The let's-try-to-improve-on-a-classic-of-English-literature-with-stuff-we-made-up tomfoolery continues in
The Desolation of Smaug, with
Orlando Bloom's Legolas showing up and prancing around the woods with
Evangeline Lilly as a new elf that never appeared in any of Tolkien's work -- not even
The Silmarillion.
No thanks, trailer. I don't need Orlando Bloom back in my Tolkien movies. I also don't need the three
Hobbit movies to be the types of prequels that set up every little theme in the
LOTR movies because THE HOBBIT IS ALREADY THE EFFING PREQUEL TO THE
LOTR BOOKS AND IT DOESN'T TRY TO DO IT SO WHY WOULD THE MOVIE NEED TO.
Sorry, I need to move on before I write seven more paragraphs of caps-locked nerd-rage rants about the stupidity of what's going on with these movies.
WINNER, Best Don't Lie to Yourself by Pretending for a Second that You Won't Watch This Movie Eventually
Anchorman 2: The Legend Continues
Release Date: December 20
http://www.youtube.com/watch?v=Elczv0ghqw0
Also winner of the coveted MOST UNNECESSARY TRAILER EVER award. What, beyond the fact that there is an
Anchorman sequel, do you need to know about the
Anchorman sequel before you decide to give in to inevitability and just watch the danged thing?
Is the whole cast back?
Yep.
Ok, sign me up.
Wait, it's set in the eighties.
I don't care.
And they're moving into cable news.
Shut up, I'm trying to buy my tickets.
Oh, there's a scene at a dinner table with an African American family.
Is
Tim Meadows playing one of the family members?
No.
Oh well.
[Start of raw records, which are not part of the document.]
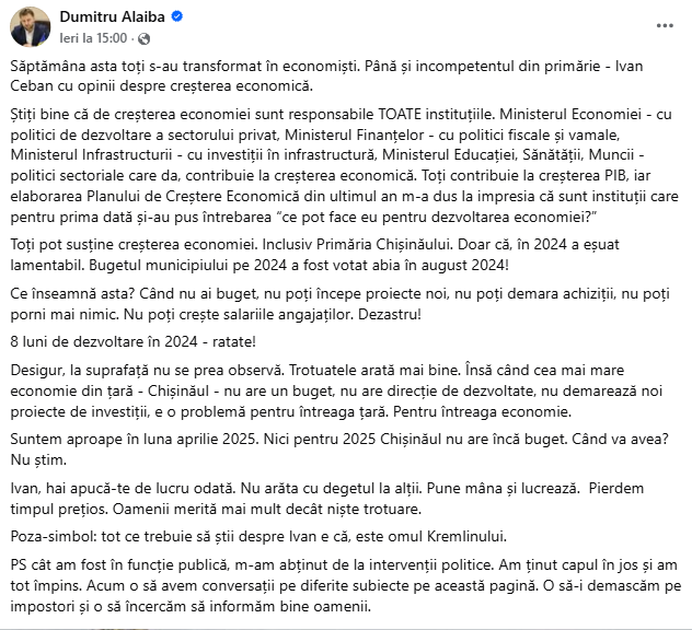 Ivan, hai apucă-te de lucru odată. Nu arăta cu degetul la alții. Pune mâna și lucrează. Pierdem timpul prețios. Oamenii merită mai mult decât niște trotuare”, se arată în mesajul scris de Alaiba pe Facebook.
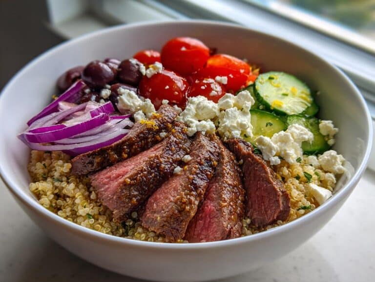 You know those nights when you want something hearty but still want to feel good after eating? That’s exactly how I fell in love with this Healthy Steak Bowl Recipe Inspired by the Mediterranean Diet. After one too many takeout meals left me feeling sluggish, I started playing with fresh ingredients from my local farmers market – think juicy tomatoes, crisp cucumbers, and that gorgeous flank steak on sale. What came together was this magical bowl that’s become my go-to weeknight hero. It’s got all those bright Mediterranean flavors I crave, comes together faster than pizza delivery, and leaves me feeling satisfied without the food coma. Trust me, once you try this combo of tender steak and vibrant veggies over fluffy quinoa, you’ll be hooked too!
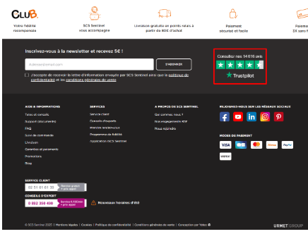 - Pour les avis clients, nous avons mis en place la solution TrustPilot, leader sur le marché des agrégateurs d'avis et partenaires. Les avis clients sont une donnée de réassurance nécessaire pour améliorer le taux de transformation, et doivent être présent de manière transversale à toutes les étapes du tunnel de conversion.
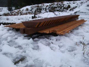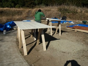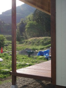 ポーチの床板を釘打ち。 これで,次は 玄関ドアの仕上げにかかれる。
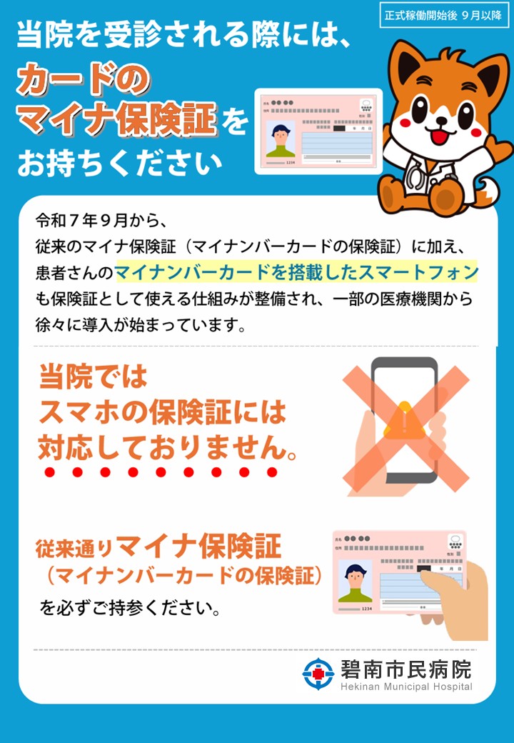 初診や再診時の受付前の保険証確認の際に、マイナンバーカードの利用を希望される方はお申し出ください。
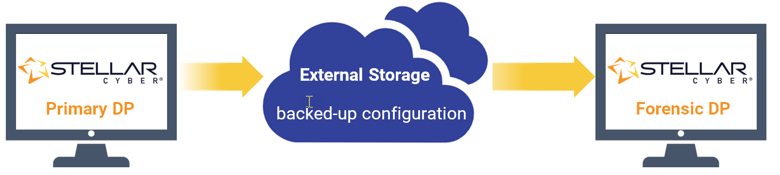 Primary DP: We will configure the dedicated forensic DP with the exact same Snapshot Backup/Restore external storage as that used by the primary DP. This way, we can import the configuration to the dedicated forensic DP directly from the backup written to external storage by the primary DP, as summarized in the figure below:

That would have been awesome. But in no way does it change the fact that I will definitely watch it because it is the sequel to
Anchorman.
You job has already been done for you, trailer.
WINNER, Best You're Got-Danged Right Jennifer Lawrence is Making an Appearance in this List:
American Hustle
Release Date: December 20
http://www.youtube.com/watch?v=ECMHgFnhTqU
Because, at this point, I'm 97% sure that 99% of the Funkhouser readership is made up of Funkhouser writers, and we're not letting this die anytime soon.
https://twitter.com/CM_Tomlin/status/406956009303719936
Do you realize that there are other trailers for
American Hustle that don't even show Jennifer Lawrence? Whoever edited those trailers should be fired from their jobs, blacklisted from all Hollywood employment, and have their families thrown to the wolves. You have one job when creating a trailer for a movie that Jennifer Lawrence is in and THAT IS TO SHOW THE AUDIENCE JENNIFER BY-GOD LAWRENCE.
Pro-tip: let her trot out that Kentucky accent.
WINNER, Best Wait So This Movie is Really Happening?:
Grudge Match
Release Date: December 27
http://www.youtube.com/watch?v=NX7jsXJ6MfA
Just when I thought there weren't going to be any stupid movie trailers to make fun of this month, Hollywood gave me
Raging Bull vs.
Rocky here. I'm so happy that I don't even know where to start, so here are three quick questions:
1. Are we still supposed to respect Robert De Niro as an actor?
2. Isn't the plot of this movie the same as the plot to
Rocky Balboa?
3. Does Stallone look animated like a character in a video game already, or is it just me?
Thanks, Hollywood. You never disappoint.